RE: [inbox] Re: [Full-Disclosure] Re: E-Mail viruses
From: Paul Szabo (psz_at_maths.usyd.edu.au)
To: Valdis.Kletnieks@vt.edu, firstname.lastname@example.org Date: Sat, 6 Mar 2004 08:18:27 +1100 (EST)
Curt Purdy <email@example.com> wrote:
>>> An alternative is to allow only a proprietary extension through,
>>> like .inc. Legitimate senders would rename the file, be it .exe
>>> .doc .jpg, indicate in the body of the message what the true
>>> extension is, and the receiver merely renames it.
> Only the proprietary extension, i.e. .inc or .xyz or .whatever,
> would be allowed through, and since virus writers would never use
> this extension, it would eliminate ALL viruses at the gateway.

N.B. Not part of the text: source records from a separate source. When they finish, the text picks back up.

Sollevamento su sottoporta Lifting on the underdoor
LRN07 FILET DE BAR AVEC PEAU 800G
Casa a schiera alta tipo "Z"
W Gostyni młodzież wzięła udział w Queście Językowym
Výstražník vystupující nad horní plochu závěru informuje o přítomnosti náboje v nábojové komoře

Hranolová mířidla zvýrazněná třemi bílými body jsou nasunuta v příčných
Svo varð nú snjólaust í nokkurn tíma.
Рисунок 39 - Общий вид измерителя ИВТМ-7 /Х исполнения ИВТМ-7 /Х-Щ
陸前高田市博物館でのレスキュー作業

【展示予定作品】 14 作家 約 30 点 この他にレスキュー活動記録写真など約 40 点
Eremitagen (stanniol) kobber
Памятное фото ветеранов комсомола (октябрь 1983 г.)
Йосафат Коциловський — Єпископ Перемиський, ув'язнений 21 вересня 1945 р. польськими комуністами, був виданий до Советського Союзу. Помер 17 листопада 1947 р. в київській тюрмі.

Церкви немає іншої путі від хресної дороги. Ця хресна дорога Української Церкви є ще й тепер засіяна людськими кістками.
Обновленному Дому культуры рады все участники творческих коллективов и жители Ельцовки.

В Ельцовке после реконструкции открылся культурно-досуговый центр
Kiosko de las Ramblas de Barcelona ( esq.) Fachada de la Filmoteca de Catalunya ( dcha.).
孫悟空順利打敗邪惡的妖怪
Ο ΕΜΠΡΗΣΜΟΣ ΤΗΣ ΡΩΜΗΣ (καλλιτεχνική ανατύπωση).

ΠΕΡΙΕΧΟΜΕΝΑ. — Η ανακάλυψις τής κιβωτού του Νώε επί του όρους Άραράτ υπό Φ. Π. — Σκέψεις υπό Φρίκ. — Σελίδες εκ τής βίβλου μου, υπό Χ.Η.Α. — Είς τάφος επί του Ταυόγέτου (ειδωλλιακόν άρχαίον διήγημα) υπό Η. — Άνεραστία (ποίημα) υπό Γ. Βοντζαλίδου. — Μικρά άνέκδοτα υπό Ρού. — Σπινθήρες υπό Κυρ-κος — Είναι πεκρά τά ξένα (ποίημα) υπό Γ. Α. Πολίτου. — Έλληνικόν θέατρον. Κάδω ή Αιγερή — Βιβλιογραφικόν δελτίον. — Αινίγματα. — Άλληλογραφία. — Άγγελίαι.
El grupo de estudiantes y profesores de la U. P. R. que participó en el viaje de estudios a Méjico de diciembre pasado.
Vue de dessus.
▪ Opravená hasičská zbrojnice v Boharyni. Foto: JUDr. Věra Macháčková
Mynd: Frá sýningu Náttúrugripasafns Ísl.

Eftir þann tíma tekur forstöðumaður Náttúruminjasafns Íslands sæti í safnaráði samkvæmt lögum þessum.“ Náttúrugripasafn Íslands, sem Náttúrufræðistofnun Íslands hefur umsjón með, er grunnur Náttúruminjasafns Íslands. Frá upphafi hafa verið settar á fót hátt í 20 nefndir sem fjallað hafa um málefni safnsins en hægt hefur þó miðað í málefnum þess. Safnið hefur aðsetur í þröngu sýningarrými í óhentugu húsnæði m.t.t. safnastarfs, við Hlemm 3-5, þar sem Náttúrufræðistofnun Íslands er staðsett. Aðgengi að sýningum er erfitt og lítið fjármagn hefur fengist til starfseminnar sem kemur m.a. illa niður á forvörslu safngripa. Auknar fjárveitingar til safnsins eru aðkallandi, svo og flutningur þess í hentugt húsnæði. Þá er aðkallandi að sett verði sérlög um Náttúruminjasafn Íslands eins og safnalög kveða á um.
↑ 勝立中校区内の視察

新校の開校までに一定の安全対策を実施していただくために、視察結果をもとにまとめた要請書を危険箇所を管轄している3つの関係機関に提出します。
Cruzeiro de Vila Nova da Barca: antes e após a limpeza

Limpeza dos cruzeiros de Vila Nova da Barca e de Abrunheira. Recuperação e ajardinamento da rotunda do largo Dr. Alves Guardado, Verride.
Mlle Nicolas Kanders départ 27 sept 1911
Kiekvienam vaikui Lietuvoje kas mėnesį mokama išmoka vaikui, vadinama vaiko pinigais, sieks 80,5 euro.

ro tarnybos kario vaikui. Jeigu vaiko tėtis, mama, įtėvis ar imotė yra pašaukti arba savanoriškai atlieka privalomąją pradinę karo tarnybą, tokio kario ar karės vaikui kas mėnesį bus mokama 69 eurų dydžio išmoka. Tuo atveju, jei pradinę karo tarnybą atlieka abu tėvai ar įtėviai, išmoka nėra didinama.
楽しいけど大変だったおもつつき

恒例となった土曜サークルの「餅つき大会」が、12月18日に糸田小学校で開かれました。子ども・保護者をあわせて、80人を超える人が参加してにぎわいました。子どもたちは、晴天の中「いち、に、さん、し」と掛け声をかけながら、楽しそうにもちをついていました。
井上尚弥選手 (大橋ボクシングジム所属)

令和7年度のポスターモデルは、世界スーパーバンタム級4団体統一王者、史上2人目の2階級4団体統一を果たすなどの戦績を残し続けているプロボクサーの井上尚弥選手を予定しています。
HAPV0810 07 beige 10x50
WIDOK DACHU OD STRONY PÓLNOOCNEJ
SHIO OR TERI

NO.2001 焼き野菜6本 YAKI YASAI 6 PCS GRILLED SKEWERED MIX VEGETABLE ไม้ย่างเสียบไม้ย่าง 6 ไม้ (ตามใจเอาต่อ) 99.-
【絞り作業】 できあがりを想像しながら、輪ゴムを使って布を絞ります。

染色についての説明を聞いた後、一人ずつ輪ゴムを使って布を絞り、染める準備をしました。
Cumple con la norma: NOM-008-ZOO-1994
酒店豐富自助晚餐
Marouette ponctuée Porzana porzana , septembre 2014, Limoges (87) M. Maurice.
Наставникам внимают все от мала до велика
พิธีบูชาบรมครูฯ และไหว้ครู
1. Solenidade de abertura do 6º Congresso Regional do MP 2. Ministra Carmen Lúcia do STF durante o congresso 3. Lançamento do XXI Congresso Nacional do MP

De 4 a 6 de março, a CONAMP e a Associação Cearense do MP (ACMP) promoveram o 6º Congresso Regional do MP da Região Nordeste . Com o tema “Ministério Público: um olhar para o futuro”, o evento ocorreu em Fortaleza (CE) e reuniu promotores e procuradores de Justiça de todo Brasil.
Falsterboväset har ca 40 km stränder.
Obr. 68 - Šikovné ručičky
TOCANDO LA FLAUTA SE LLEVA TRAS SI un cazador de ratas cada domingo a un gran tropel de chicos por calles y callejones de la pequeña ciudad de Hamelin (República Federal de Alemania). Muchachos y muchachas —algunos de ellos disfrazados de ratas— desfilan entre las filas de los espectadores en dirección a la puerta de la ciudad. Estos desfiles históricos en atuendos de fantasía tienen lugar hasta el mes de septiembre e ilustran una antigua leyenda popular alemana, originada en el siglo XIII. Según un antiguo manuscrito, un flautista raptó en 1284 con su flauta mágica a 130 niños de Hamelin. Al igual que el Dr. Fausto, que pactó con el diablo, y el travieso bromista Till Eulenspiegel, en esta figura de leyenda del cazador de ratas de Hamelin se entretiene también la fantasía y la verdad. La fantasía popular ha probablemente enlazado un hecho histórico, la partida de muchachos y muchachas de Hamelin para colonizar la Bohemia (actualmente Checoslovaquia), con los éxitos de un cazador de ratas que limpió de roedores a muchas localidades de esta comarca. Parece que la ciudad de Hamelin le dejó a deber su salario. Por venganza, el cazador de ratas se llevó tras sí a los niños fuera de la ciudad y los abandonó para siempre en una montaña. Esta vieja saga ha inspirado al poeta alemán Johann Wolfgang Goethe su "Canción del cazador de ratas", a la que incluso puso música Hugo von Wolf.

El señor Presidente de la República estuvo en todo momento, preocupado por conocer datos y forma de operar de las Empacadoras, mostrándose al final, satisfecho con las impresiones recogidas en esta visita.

> The nice thing about this approach is that it completely eliminates
> the need for any anti-virus on the mail server since all virus
> attachments are automatically dropped without the need for scanning.
> Quite a simple, yet elegant solution, if I do say so myself.
Yes, it eliminates a large class of viruses. But, it would not do
anything to "local" attacks (a virus modified specifically to handle
your particular setup; and if it becomes widely used then "real"
viruses will also do the same).
Also it does nothing to viruses that do not use attachments: attacks
on a "Subject:" buffer overflow, or a virus delivery via the web with
a link or "Content-type: message/external-body".
Also you might miss some attachments: "uuencoded block"s, or those
within incomplete "Content-type: message/partial" bits.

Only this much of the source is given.